Esther's Notebooks: Tales from my ten-year-old life

Esther's Notebooks: Tales from my ten-year-old life

2016 • 56 pages

Ratings1

Average rating4

15

Celebrated acquiring my fourth - FOURTH (!) - library card by checking this out. I'm also, like many people, still waiting for an English-language publisher to publish vols 5 and 6 of Sattouf's masterful Arab of the Future series. WHERE IS IT?!

Anyway, this book centers on a young Parisian middle schooler, Esther. We follow her when she's 10, 11 and 12 years old, from 2015-2018 (I think). These are comic strips that have appeared (weekly?) in a French newspaper, and that Sattouf creates after regularly interviewing his friend's daughter, the titular Esther.
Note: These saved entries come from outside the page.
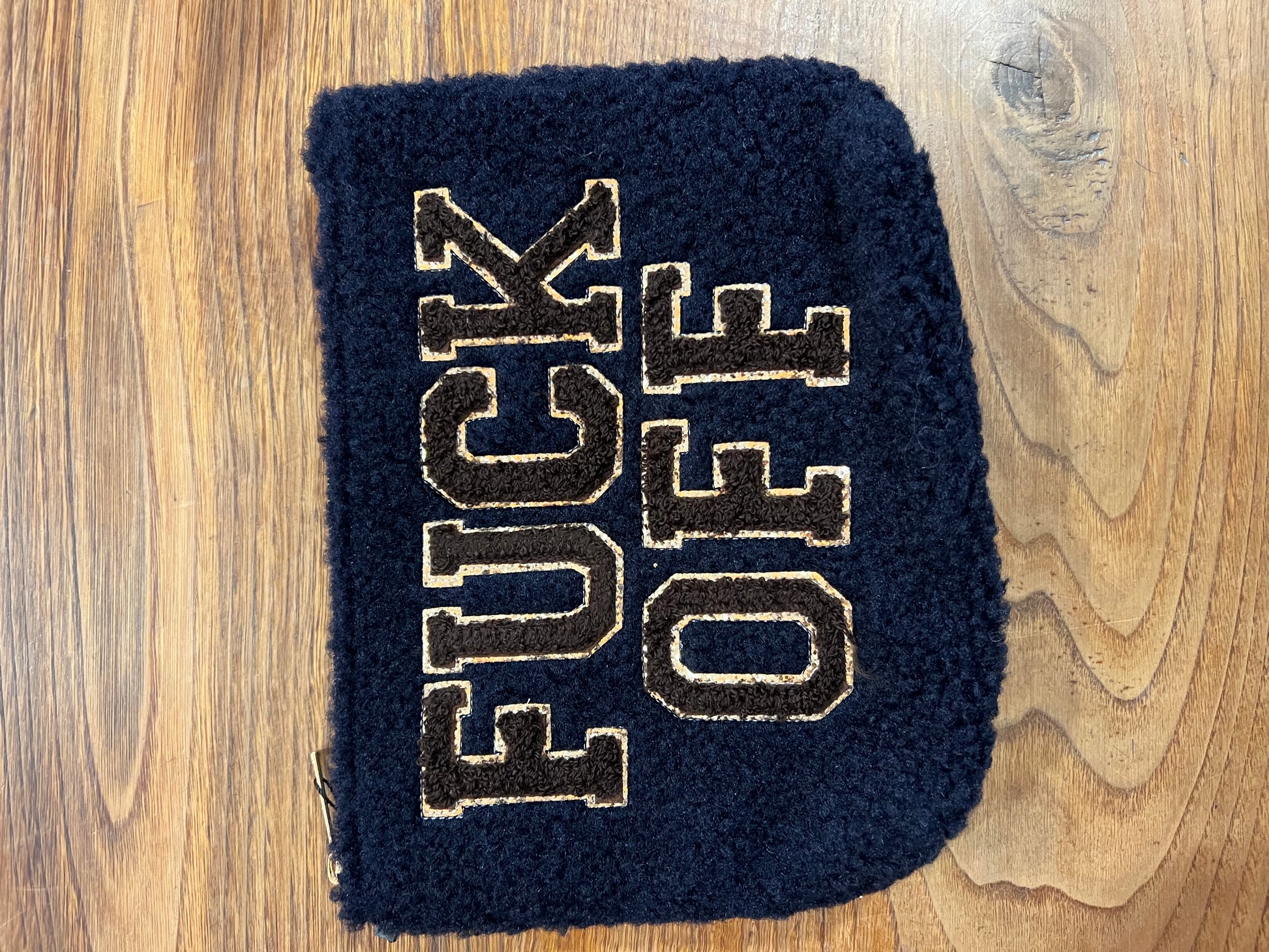 Kosmetiktasche mit aufgesticktem "FUCKOFF" Schriftzug auf Teddyfleece.
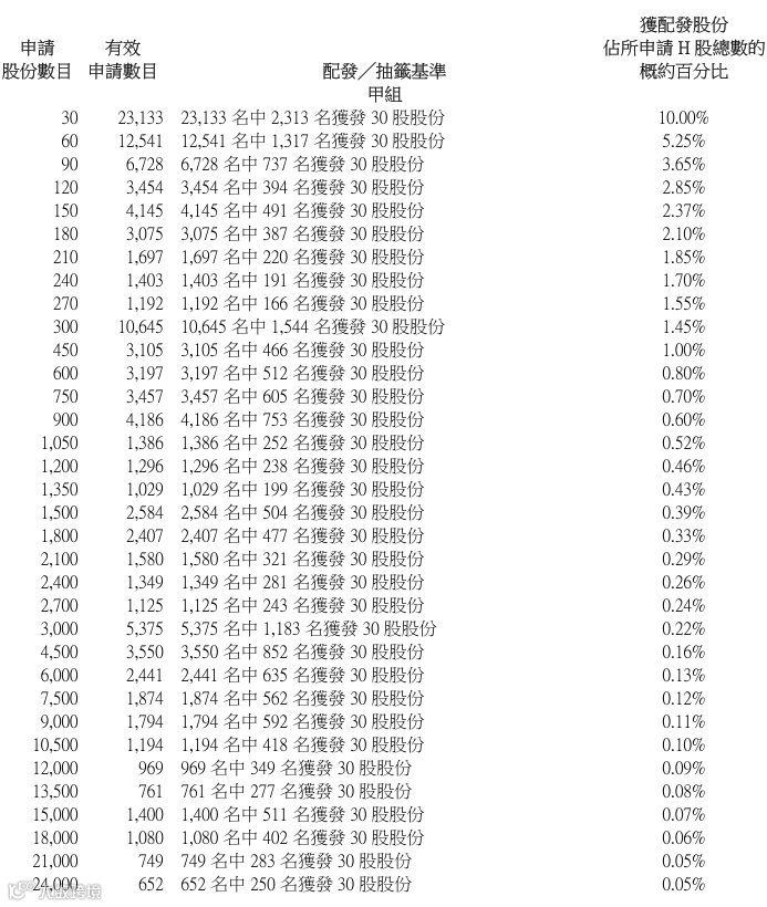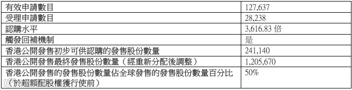 沪上阿姨 (02589.HK) 招股最终定价113.12港元,在招股价95.57港元-113.12港元的上限价,2.73亿港元的募资,118.60亿港元的总市值,H股市值66.81亿港元,发行比例2.30%。配售情况:127637人认购,这次公配3616.83倍,由于超过100倍,回拨比率50.00%,国配有2.57倍,一手中签率10.00%,认购1500手才必中2手,同时乙组8143人申购,其中顶头槌申购1631张,只获配3、4手,获配率0.08%-0.13%。
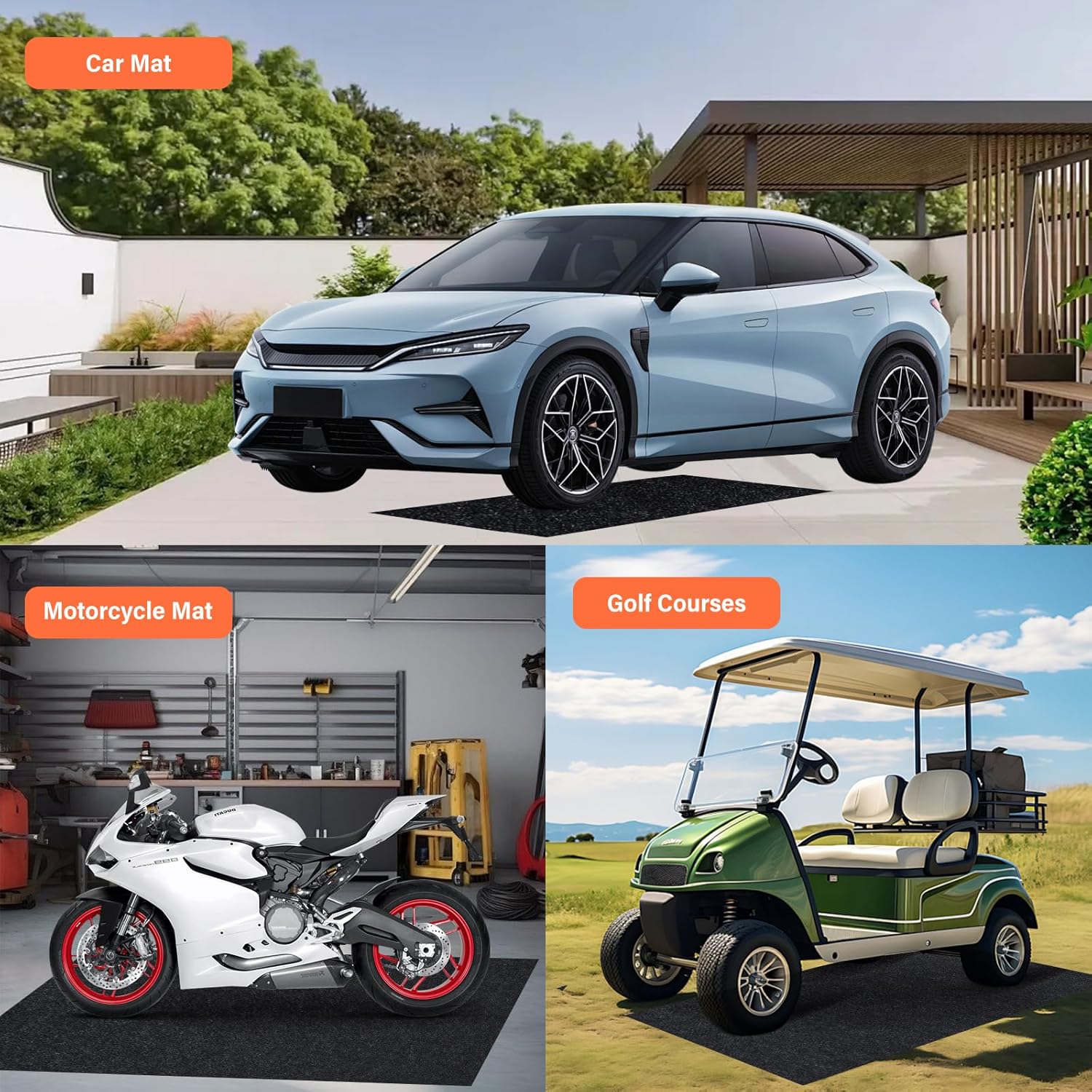 - MULTIPURPOSE: Garage mat's size is 60" x 36". Our rubber mats for floor is tear and abrasion resistant, durable and reusable;It is great for vehicle oil changes and repairs;Garage floor mats can also be used for car trunks, cabinets, gardening tools, harvesters, pet gear, etc

I love Sattouf's work. It's brutal but also... humane? Esther is kind of awful and wonderful. She's imaginative, materialistic, already pre-addicted to an iPhone (she LONGS for one in almost every page), feminist, chauvinist, a bully, homophobic, caring, conscientious, and everything. I definitely saw myself in her. She's innocent, trying to fit into a world - including all its broken parts (the homophobia, eeesh, can these kids chill out about gay people) - and trying to figure out herself in it. As she grows, we see her confidence grow. I LOVED her moments of courage and imagination, when she's like “sorry but fuck that” lol. Sattouf sometimes centralizes the casual cruelty of children (Arab of the Future had a LOT of that), and tbh middle school cruelty is the last thing I want to revisit, but I also appreciated how steady-eyed and non-judgmental and... resilient? He also portrays things? Like, life is definitely suffering - but it's also very funny and there are moments of sweetness.